*TASK STATEMENT*: Among the lines below, a stretch begins at the one with "Bereits um 8.30" and ends at the one with "La présence de". Repeat that stretch exactly, ends included.
··· DATA
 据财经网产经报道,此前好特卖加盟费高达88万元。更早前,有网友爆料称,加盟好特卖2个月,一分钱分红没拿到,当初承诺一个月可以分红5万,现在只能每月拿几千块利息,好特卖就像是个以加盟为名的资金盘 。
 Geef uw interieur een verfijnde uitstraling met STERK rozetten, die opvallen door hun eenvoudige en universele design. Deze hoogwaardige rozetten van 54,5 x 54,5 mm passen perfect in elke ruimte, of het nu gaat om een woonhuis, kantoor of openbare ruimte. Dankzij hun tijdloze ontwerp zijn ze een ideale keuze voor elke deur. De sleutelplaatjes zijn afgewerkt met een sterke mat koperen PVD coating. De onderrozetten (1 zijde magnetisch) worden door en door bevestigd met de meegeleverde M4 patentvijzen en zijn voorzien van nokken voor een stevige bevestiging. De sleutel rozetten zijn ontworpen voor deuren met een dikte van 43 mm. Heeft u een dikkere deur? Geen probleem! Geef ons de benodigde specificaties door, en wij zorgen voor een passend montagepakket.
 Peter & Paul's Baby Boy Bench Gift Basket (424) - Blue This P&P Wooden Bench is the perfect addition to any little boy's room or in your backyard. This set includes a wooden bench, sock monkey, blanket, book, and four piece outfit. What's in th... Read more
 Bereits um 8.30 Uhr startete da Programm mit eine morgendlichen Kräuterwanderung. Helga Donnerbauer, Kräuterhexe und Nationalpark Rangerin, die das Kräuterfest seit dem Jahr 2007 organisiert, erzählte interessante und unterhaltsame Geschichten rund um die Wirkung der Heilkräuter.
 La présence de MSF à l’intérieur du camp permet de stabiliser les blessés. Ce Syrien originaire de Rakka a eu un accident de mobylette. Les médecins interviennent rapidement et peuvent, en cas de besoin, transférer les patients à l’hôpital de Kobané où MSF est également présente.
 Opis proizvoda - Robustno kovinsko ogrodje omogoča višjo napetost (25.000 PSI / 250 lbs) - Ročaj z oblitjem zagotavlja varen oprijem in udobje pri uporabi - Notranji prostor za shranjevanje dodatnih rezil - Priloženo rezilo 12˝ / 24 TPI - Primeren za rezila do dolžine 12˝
······
··· DATA
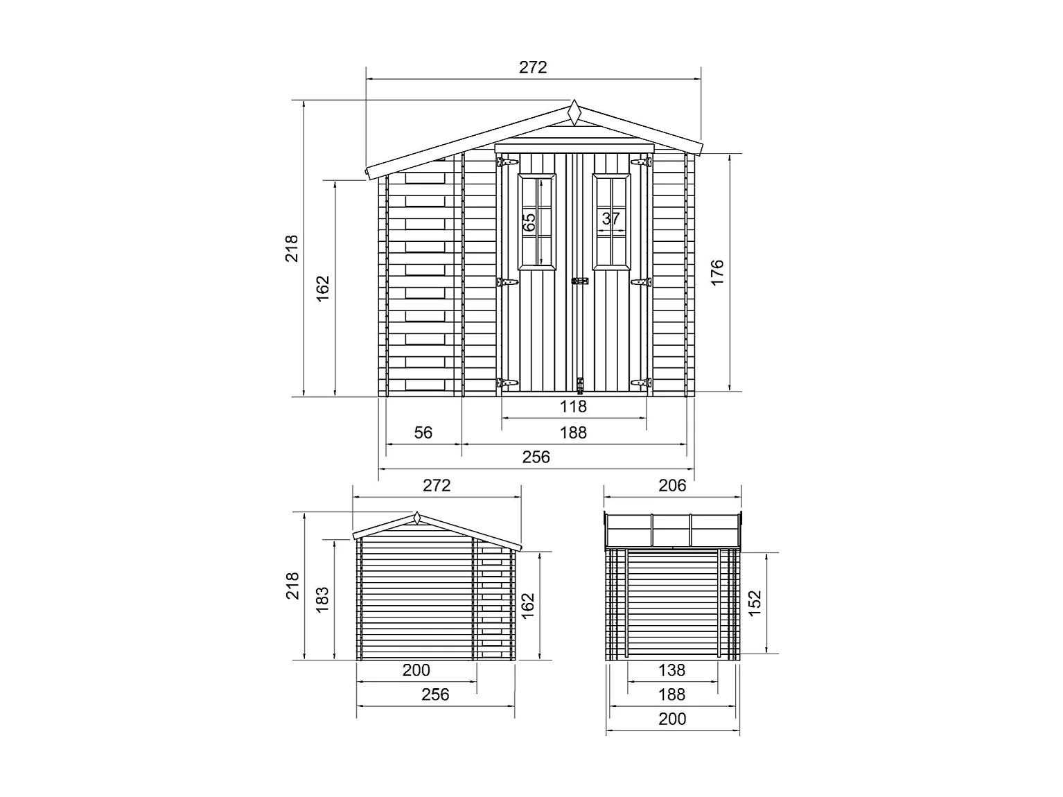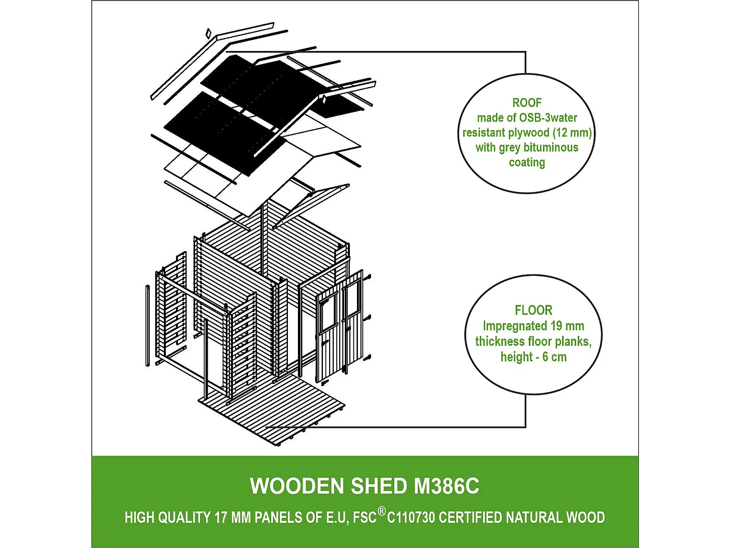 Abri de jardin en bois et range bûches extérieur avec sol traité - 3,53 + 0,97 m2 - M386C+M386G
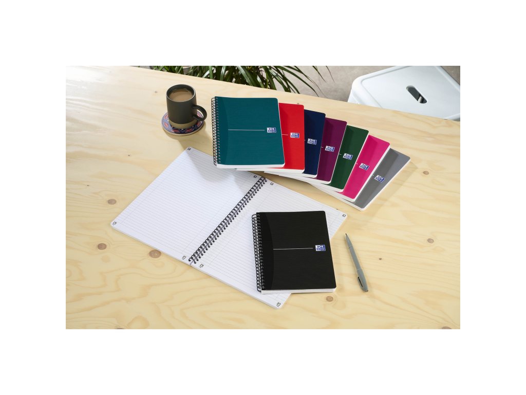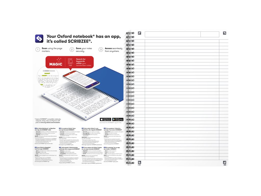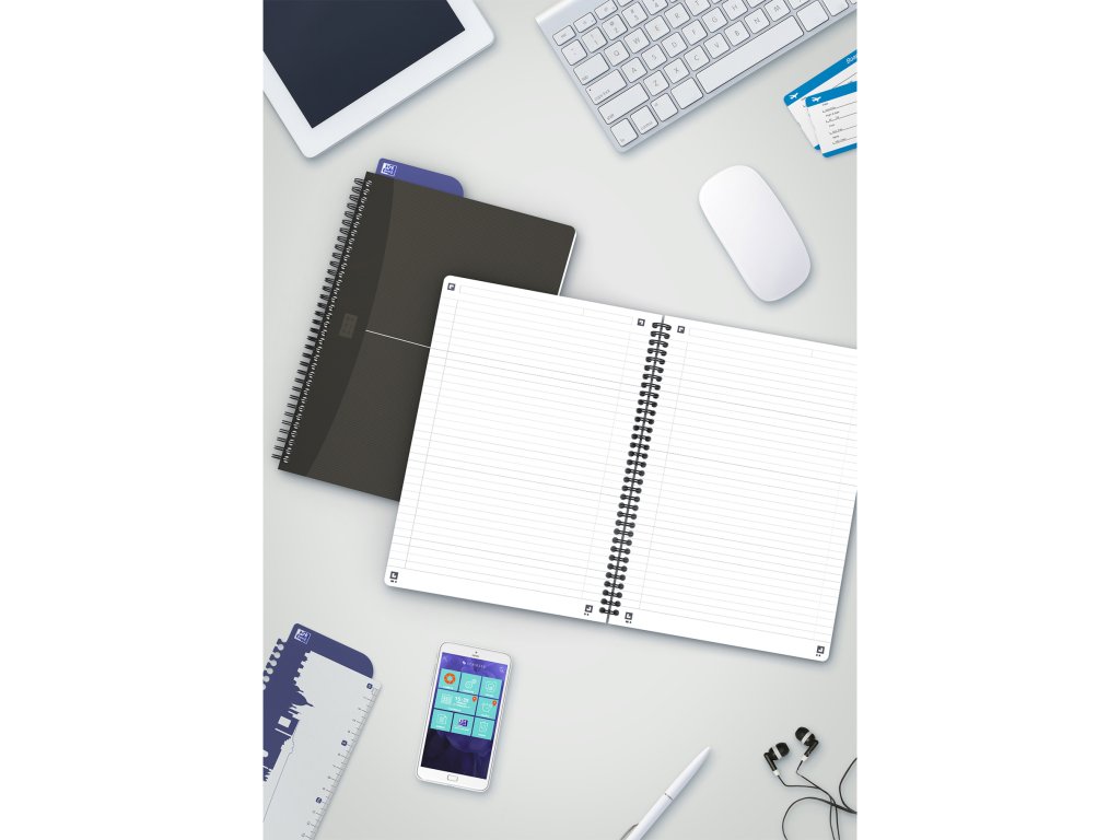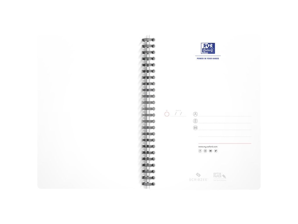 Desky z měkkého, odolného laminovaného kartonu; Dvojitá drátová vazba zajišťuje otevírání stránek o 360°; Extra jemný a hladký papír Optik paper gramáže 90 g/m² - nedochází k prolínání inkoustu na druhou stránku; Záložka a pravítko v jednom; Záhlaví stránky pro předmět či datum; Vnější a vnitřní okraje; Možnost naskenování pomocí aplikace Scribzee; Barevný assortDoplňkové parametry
······
*RESULT OF THIS TASK*:
 Bereits um 8.30 Uhr startete da Programm mit eine morgendlichen Kräuterwanderung. Helga Donnerbauer, Kräuterhexe und Nationalpark Rangerin, die das Kräuterfest seit dem Jahr 2007 organisiert, erzählte interessante und unterhaltsame Geschichten rund um die Wirkung der Heilkräuter.
 La présence de MSF à l’intérieur du camp permet de stabiliser les blessés. Ce Syrien originaire de Rakka a eu un accident de mobylette. Les médecins interviennent rapidement et peuvent, en cas de besoin, transférer les patients à l’hôpital de Kobané où MSF est également présente.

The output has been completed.